いま注目の京都・三宅八幡エリア、喧騒から離れて気ままな街歩き。
新店を中心にご案内。
撮影・津久井珠美 イラストレーション・ヒラノトシユキ 構成&文・中岡愛子
三宅八幡
高野川を挟み比叡山麓に広がる長閑なエリア。昨春私設図書室と喫茶がオープンし、これからさらに注目されそう。寺や神社では心を無にして。
アクセス▼
叡山電鉄出町柳駅から叡山本線三宅八幡駅まで約10分。市営地下鉄国際会館駅から歩いて約15〜20分。
鈍考(どんこう)/喫茶芳(ファン)
完全予約の90分は、深く優しい時間。
2023年5月、三宅八幡の山あいの住宅地にそっとオープン。
「時間の流れが遅い場所をつくりたかった」と、選書家の幅允孝(はばよしたか)さんが自ら集めてきた蔵書を開き、パートナーのファンさんが「敬愛する」大坊珈琲店の講座で焙煎から学んだ深煎りのコーヒーを淹れる。

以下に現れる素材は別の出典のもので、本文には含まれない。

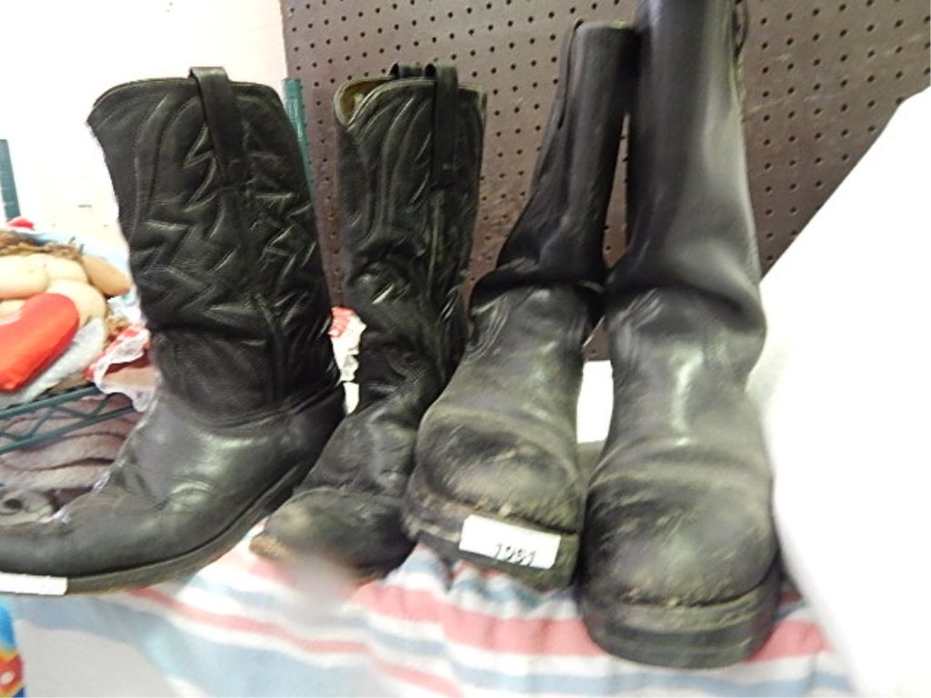 STEEL TOED BOOTS AND COWBOY BOOTS - SIZE 7 MEN OR 9 LADIES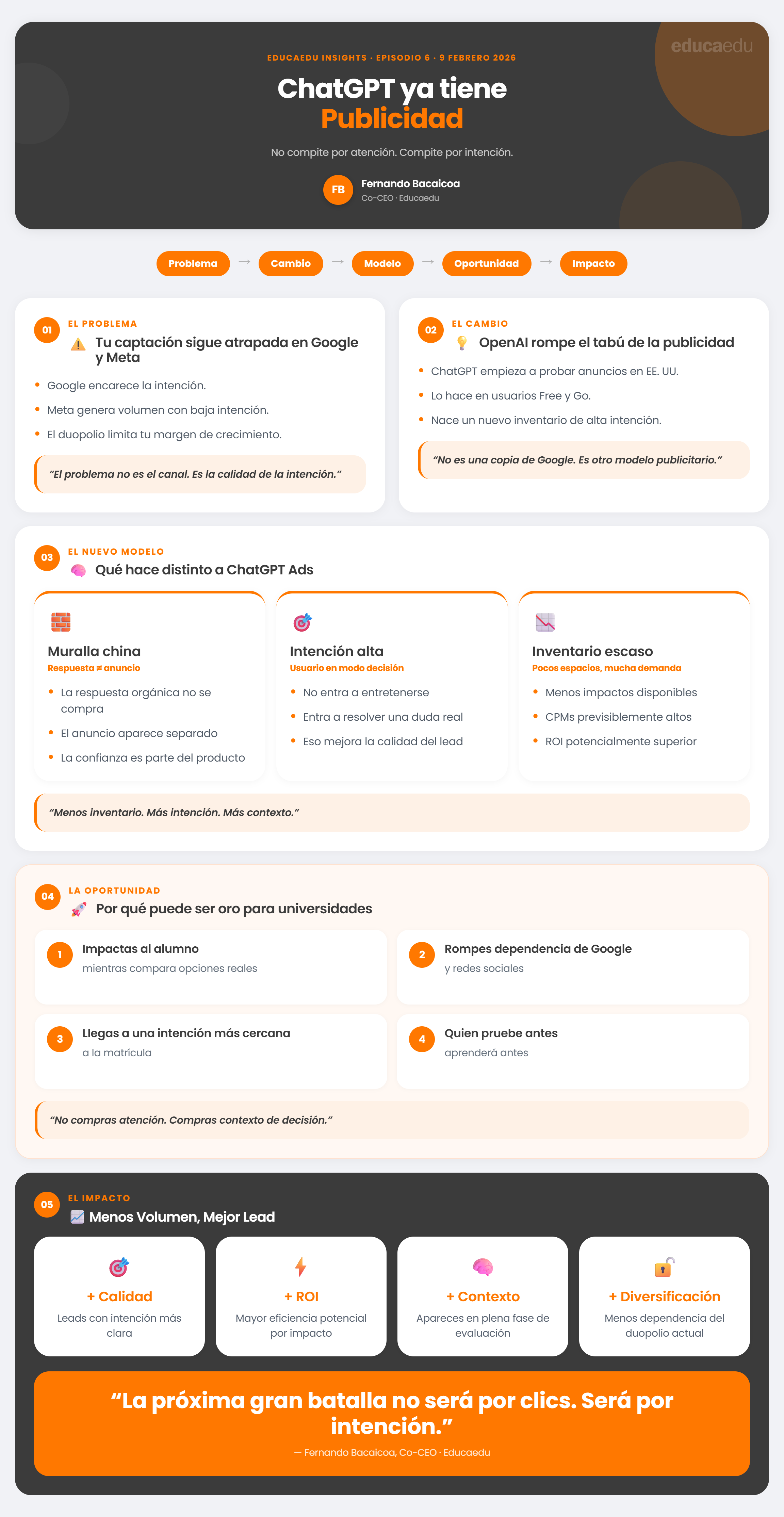 • Intención vs. Tiempo: A diferencia de las redes sociales (que buscan retener al usuario), ChatGPT apuesta por la utilidad rápida. Su objetivo no es retener al alumno sino dar respuestas de calidad, lo que sugiere que los leads generados en ChatGPT podrían ser de mayor calidad.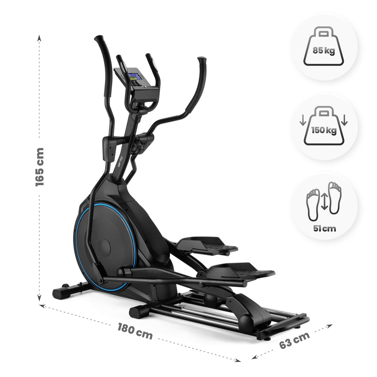 - Odporność na intensywne użytkowanie: Wytrzymałe materiały niezależne od recyklingu w połączeniu z precyzyjnym spawaniem sprawiają, że orbitrek zachowuje stabilność nawet podczas intensywnych treningów, niezależnie od obciążenia.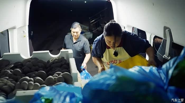 我最喜欢的是这个对开式尾门,可以270度全开,上大件生鲜筐很方便。另外它的地台不高,只有五十多公分的样子,我个子矮,搬货上下车也不费劲,这个设计对我们太友好了。

「文学」「考え続けるために」「戦争について」など棚の分類から本の世界に入り込み、90分は深くあっという間。駅から続く小道も、扉を開けて目の前に迫る本と庭の景色も、コーヒーを淹れるこぽこぽとした音や香りや気配も、すべてが繋がりますます本のある世界が好きになる。
●京都市左京区上高野掃部林町4・9
TEL.なし
営業時間:水〜土11時〜12時30分、13時〜14時30分、15時〜16時30分の3部制(各最大6名まで)
ウェブサイトからの完全予約制。https://donkou.jp/
陽ノ光
ひとつひとつの作品に「光」を当てる。
京都のおだやかな空気と自然に惹かれ、アパレル会社からの独立を機に東京から夫婦で移住してきた秋元岳至さん。
東京で勤務するなかで「ものづくりの背景」に興味を持ち、開いたのは、衣類、布、器などの道具を集めたセレクトショップだ。
国内外から好きなものを丁寧に選び、京都在住の苔作家・光成菜穂子さんの作品などここでのみ購入できるものも。「午後になると店内に光が差し込むんですよ」と、柔らかな接客にも癒やされる。
●京都市左京区上高野木ノ下町17・4
TEL.075・286・4167
営業時間:12時〜18時 不定休
洛北 蓮華寺(れんげじ)
趣ある苔寺で、自分の内側に向き合う。
加賀前田家の家臣・今枝近義が、1662年に現在の京都駅近くから移し、再興した天台宗の寺院。
庭師も見学に訪れるという美しい池泉庭園をはじめ、本堂、鐘楼堂、井戸屋形は創建当時のまま。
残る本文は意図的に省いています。